Step 1: Data Input
- The implementation of binary / multiple classification and survival analysis requires a training set and validation set including matrix files and phenotypic files, totaling 4 files.
- According to the generation way for validation set, there are two ways to upload files: (1) Upload the training set and the validation set separately. (2) Upload a comprehensive dataset and then randomly divide it into a training set and a validation set according to the scale.
Step 2: Method Selection
- Users can choose the machine learning algorithms of interest for analysis.
- Click the "parameter" button to display the optional parameters to adjust. Click the "introduction" button to show a simple description of the algorithm.
Step 3: Model Generation
- After the generation of models, clicking on the navigation bar on the right will display the result window of the corresponding algorithm. The content in the window contains 3 sub-pages: "Importance Score", "SHAP" and "Model Visualization".
- The "Importance Score" subpage shows the importance score of the top features. Users can independently set thresholds to control the number of top features for subsequent steps. And the "SHAP" and "Model Visualization" subpages explain and visualize the model.
Step 4: Feature Browse
- On the "Feature Browse" page, users can browse the intersection and union of top features of models through a Upset graph, and users can select the features of interest to browse their distribution in the dataset.
Step 5: Model Evaluation
- For binary multiple classification, MLome calculates the AUC value by ROC as the main evaluation criteria. For survival analysis, MLome calculates the c-index by fitting cox regression as the main evaluation criteria.
- The evaluation results consist of three parts: (1) Model-level evaluation. (2) Comparison between prediction and actual label. (3) Feature-level evaluation.
- At the model and feature levels, users can specify models or features for visualization.

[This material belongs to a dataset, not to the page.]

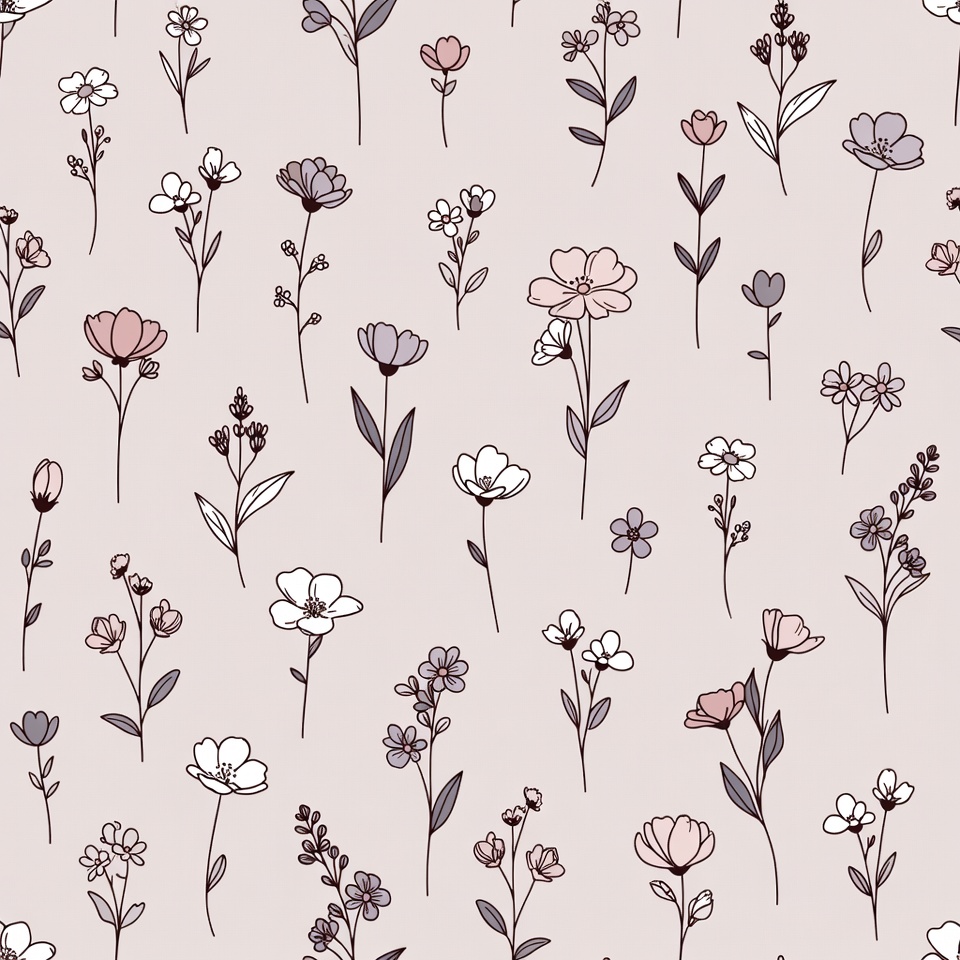 A seamless pattern features delicate hand-drawn wildflowers in soft pink, lavender, and white tones scattered across a light pink background. The illustration includes various small blooms with thin stems and leaves in a repeating floral design. The watercolor-style flowers create a gentle, repeating texture suitable for backgrounds.

- The visualization ways of binary classification, multiple classification and survival analysis at this stage are different. Here, only binary classification analysis is presented.
Step 6: Feature Filtration
- On the "Feature Filtration" page, users can filter features by AUC / C-index. Based on the number of filtered models, MLome provides Upset and Venn diagrams to visualize the filtering results.
Step 7: Model Application
- The model application consists of two parts: sample prediction and nomogram drawing.
- For the former, users can upload the matrix file to be predicted, and the page will return the prediction results of the model screened out in the previous step.
- For the latter, users can select from the features filtered out in the previous step and draw a nomogram based on these features.